Several members of the Kreutz family have become great comets, occasionally visible near the Sun in the daytime sky.  The most recent of these was Comet Ikeya–Seki in 1965, which may have been one of the brightest comets in the last millennium. It has been suggested that another cluster of bright Kreutz system comets may begin to arrive in the inner Solar System in the next few years to decades.

More than 4000 of smaller members of the family, some only a few meters across, have been discovered since the launch of the SOHO satellite in 1995. None of these smaller comets have survived its perihelion passage. Larger sungrazers such as the Great Comet of 1843 and C/2011 W3 (Lovejoy) have survived their perihelion passage. Amateur astronomers have been successful at discovering Kreutz comets in the data available in real time via the internet.

Discovery and historical observations 

The first comet whose orbit had been found to take it extremely close to the Sun was the Great Comet of 1680. This comet was found to have passed just 200,000 km (0.0013 AU) above the Sun's surface, equivalent to around a seventh of Sun's diameter, or about half the distance between the Earth and the Moon. It thus became the first known sungrazing comet. Its perihelion distance was just 1.3 solar radii, that is, its perihelion was 1.3 solar radii from the center of the Sun, and just 0.3 solar radii above the surface of the Sun.

Astronomers at the time, including Edmond Halley, speculated that this comet was a return of a bright comet seen close to the Sun in the sky in 1106. 163 years later, the Great Comet of 1843 appeared and also passed extremely close to the Sun. Despite orbital calculations showing that it had a period of several centuries, some astronomers wondered if it was a return of the 1680 comet.  A bright comet seen in 1880 was found to be travelling on an almost identical orbit to that of 1843, as was the subsequent Great Comet of 1882.  Some astronomers suggested that perhaps they were all one comet, whose orbital period was somehow being drastically shortened at each perihelion passage, perhaps by retardation by some dense material surrounding the Sun.

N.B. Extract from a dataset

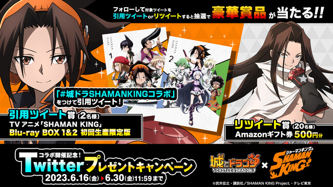 6月16日(金)より「コラボ開催記念!Twitterプレゼントキャンペーン」を実施いたします。『城とドラゴン』公式Twitterアカウントをフォローし、対象ツイートを「#城ドラSHAMANKINGコラボ」をつけて引用ツイート、もしくは、リツイートしていただいた方の中から抽選で、Blu-rayやAmazonギフト券をプレゼント!

An alternative suggestion was that the comets were all fragments of an earlier Sun-grazing comet. This idea was first proposed in 1880, and its plausibility was amply demonstrated when the Great Comet of 1882 broke up into several fragments after its perihelion passage. In 1888, Heinrich Kreutz published a paper showing that the comets of 1843 (C/1843 D1, the Great March Comet), 1880 (C/1880 C1, the Great Southern Comet), and 1882 (C/1882 R1, Great September Comet) were probably fragments of a giant comet that had broken up several orbits before. The comet of 1680 proved to be unrelated to this family of comets.

After another Kreutz sungrazer was seen in 1887 (C/1887 B1, the Great Southern Comet of 1887), the next one did not appear until 1945. Two further sungrazers appeared in the 1960s, Comet Pereyra in 1963 and Comet Ikeya–Seki, which became extremely bright in 1965, and broke into three pieces after its perihelion.  The appearance of two Kreutz Sungrazers in quick succession inspired further study of the dynamics of the group.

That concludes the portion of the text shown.